The engine started with a quiet hum. The SUV backed slowly down the gravel drive, then turned toward the highway, moving at the same deliberate pace it had arrived with.
I stood in the yard and watched it go, not moving until it had disappeared around the bend in the road. Only when it was out of sight did I turn back toward the farmhouse, where Jasper was visible at the kitchen window—one hand pressed to the glass, eyes on the retreating vehicle, face set in lines I couldn’t quite read from this distance.

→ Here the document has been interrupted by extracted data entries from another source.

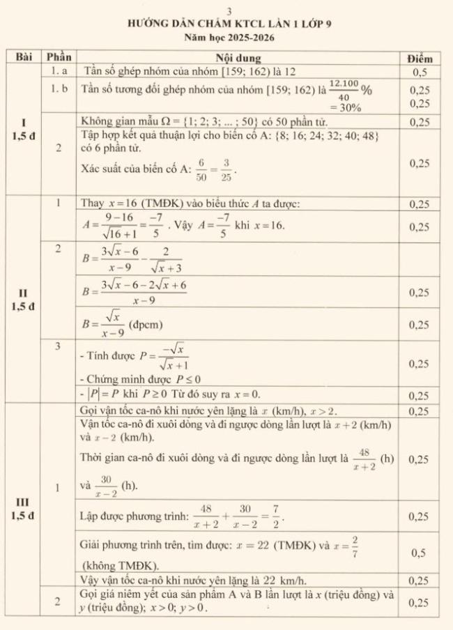 Đáp án khảo sát vào 10 lần 1 Hà Đông 2025 - 2026
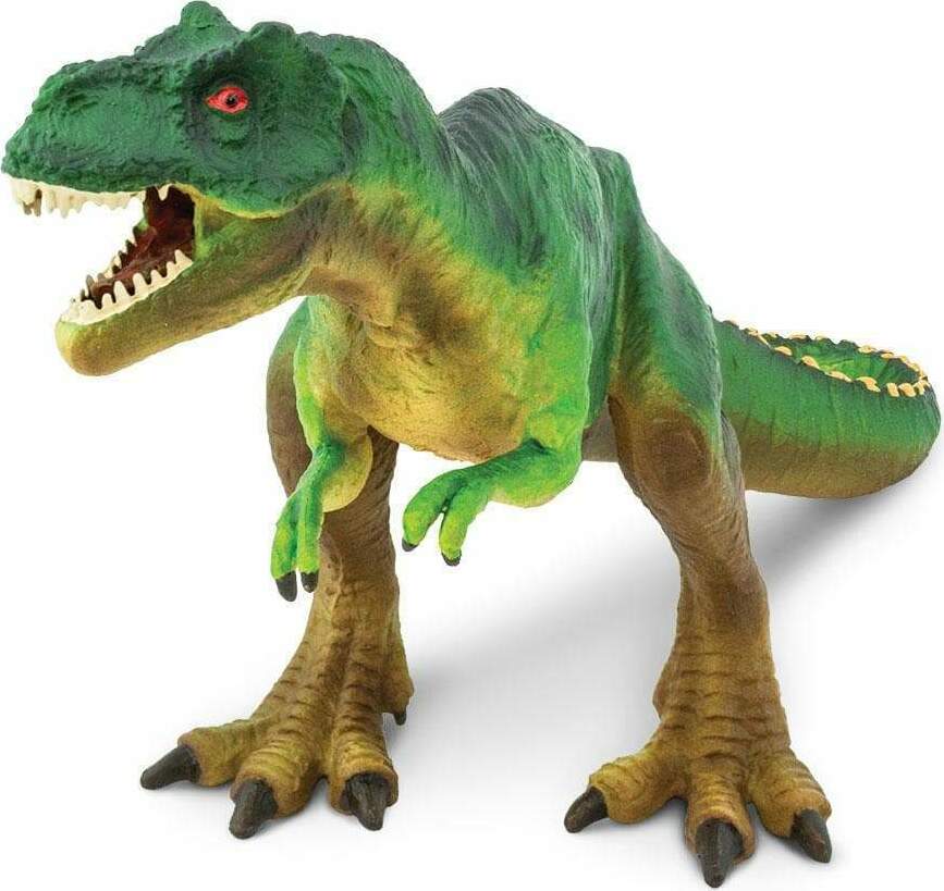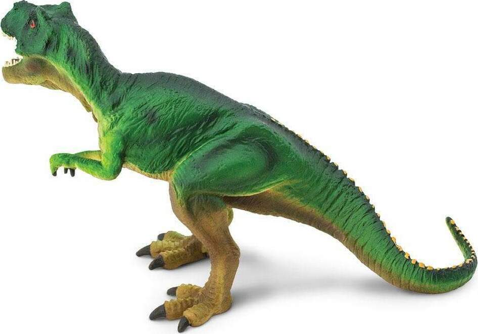 • Characteristics: In real life, Tyrannosaurus, was large (at least 40 feet long), stout and muscular (5-6 metric tons), but Safari Limited’s Tyrannosaurus Rex figure is much smaller. It ran on its thick hind legs. Its huge jaws contained lots of sharp, six inch long teeth. Each tooth had a serrated blade on both the front and back edges that could easily have cut through any prey. Its front limbs were tiny and its hands had only two little fingers. Safari Limited don’t know what these fingers were for, but they were far too small and weak to walk on, fight off other dinosaurs, or grasp prey.
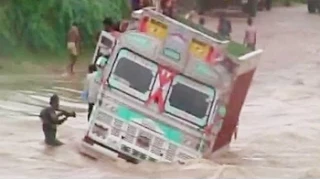 17 people have been rescued from a truck which is stuck in the middle of Banas river near Tonk in Rajasthan.
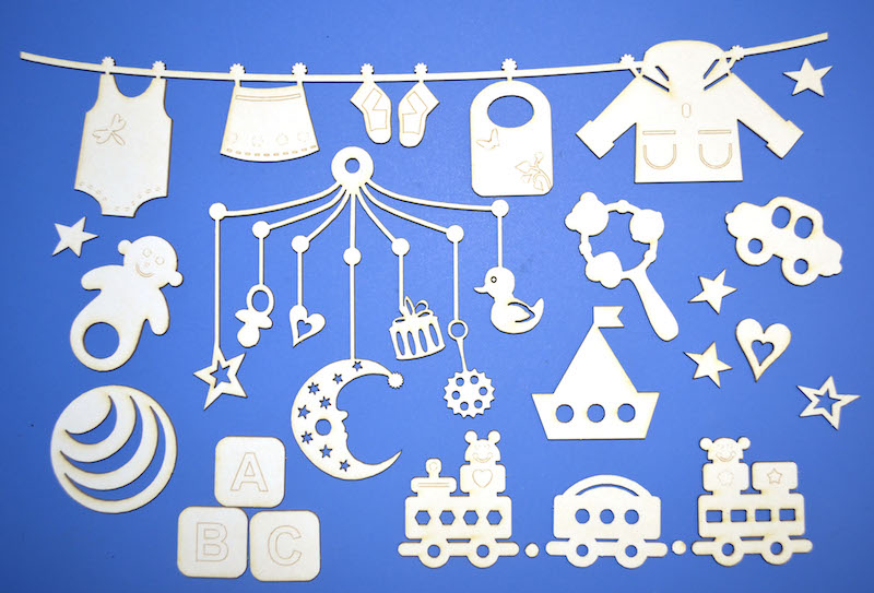 Размер мобиля 80х76 мм. Чипборд выполнен из пивного картона белого цвета толщиной 1,15 мм.
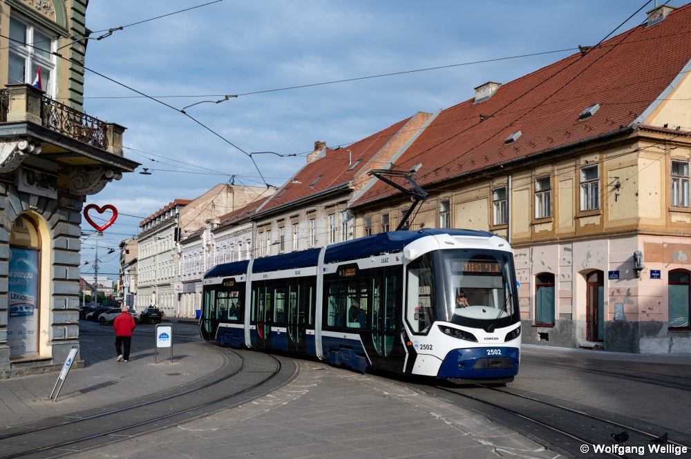 Im Frühjahr 2025 begann in Osijek mit den von Končar gebauten Fahrzeugen des Typs TMK 2500 das Niederflurzeitalter. Am 21.10.2025 fährt Wagen 2502 kurz vor der Haltestelle Trg Ante Starčevića durch die Fußgängerzone.

Whatever came next—whatever Gerald brought with him when he returned—we would face it together. Not as a problem to be solved or a situation to be managed, but as people who had chosen each other, who had built something worth protecting.
Chapter Nine
~ Jasper ~
The porch steps felt solid beneath my feet—real in a way I hadn’t expected—as I settled into the space Decker had cleared for me next to him.
Dinner had been quiet, everyone careful around the edges, nobody wanting to be the one to mention the black SUV that had backed down the driveway four hours earlier or the man who’d stepped out of it with the certainty of someone who believed I belonged to him.
But we were here now, the six of us scattered across the porch in the cooling evening, Rawley leaning against the railing with his back to the yard, Burke sprawled in one of the chairs with his boots up on the porch rail, Macon occupying a corner with his arms crossed, Jojo curled against Rawley’s side with his hand on Rawley’s chest, and Decker close enough that our shoulders nearly touched.
No one had said we were meeting. No one had used the word “planning.” We’d just all ended up here as the dishes dried in the rack, the gravity of the day pulling us into the same physical space.
“So,” Rawley said, the single syllable landing with enough weight to make it clear what we were doing. “Gerald Hughs. What are we looking at?”
I followed the first few exchanges—Burke explaining how he’d checked the property’s security cameras, Rawley asking about the road from town, Macon outlining sight lines and approaches—but then they slipped into shorthand I didn’t have the key for.
“Jensen would’ve picked up the car at the airport,” Burke said, gesturing with his beer bottle. “Which means the usual channels are running.”
“Which means we’ve got twelve hours, maybe less,” Rawley said. “If they’re bringing in the Calhoun crew again—“
“Not Calhoun,” Macon cut in. “They’re still in Yemen.”
I looked from face to face, trying to track who was who and what they were talking about. Rawley was nodding, Macon had gone quiet again, Burke was making a face like he’d just tasted something sour.
“The Mossad boys, then,” Rawley said. “Which means we need eyes on the east fence line and—“
“No,” Decker cut in. “Not Mossad. They’re too careful about jurisdiction for something like this.”
The conversation kept moving—names without context, references that landed with a grunt or a nod from the others and nothing from me. I sat with my hands loose in my lap, trying not to look like I was completely lost, which I was.
Then Burke snorted and said, “I know who to call,” and everything changed.
Rawley rolled his eyes hard enough to be visible in the low light, Macon produced a single low grunt, and Decker just shook his head once. I looked at each of them in turn and had no idea what just happened.
I leaned into Decker’s shoulder, keeping my voice low. “What’s he talking about?”
Decker didn’t soften it or try to make it sound less alarming than it was. “He wants to call in the Grim Reaper.”
I stared at him. That did not help.
“The Grim Reaper?” I repeated, the words coming out with more breath than voice. “That’s an actual person?”
Burke leaned forward in his chair, elbows on his knees, the kind of grin spreading across his face that made something in my stomach drop. “My brother,” he said, the statement landing with a heavy weight. “And he is exactly what we need.”
“No,” Rawley said, the single syllable carrying enough force to cut through Burke’s enthusiasm. “We haven’t hit scorched earth yet. There are steps between ‘problem’ and ‘nuclear option.’”
Burke shrugged, the movement carrying a confidence I couldn’t quite parse. “It could be fun,” he said, the casual statement landing like a brick.
I sat very still, trying to follow the conversation that was happening above my head.
Rawley went quiet for a moment, jaw working. Something passed between him and Burke—some communication that didn’t require words—and then Rawley was nodding, the movement tight but definitive.
“But if bodies start dropping,” he said, looking directly at Burke, “you’re the one burying them. Understood?”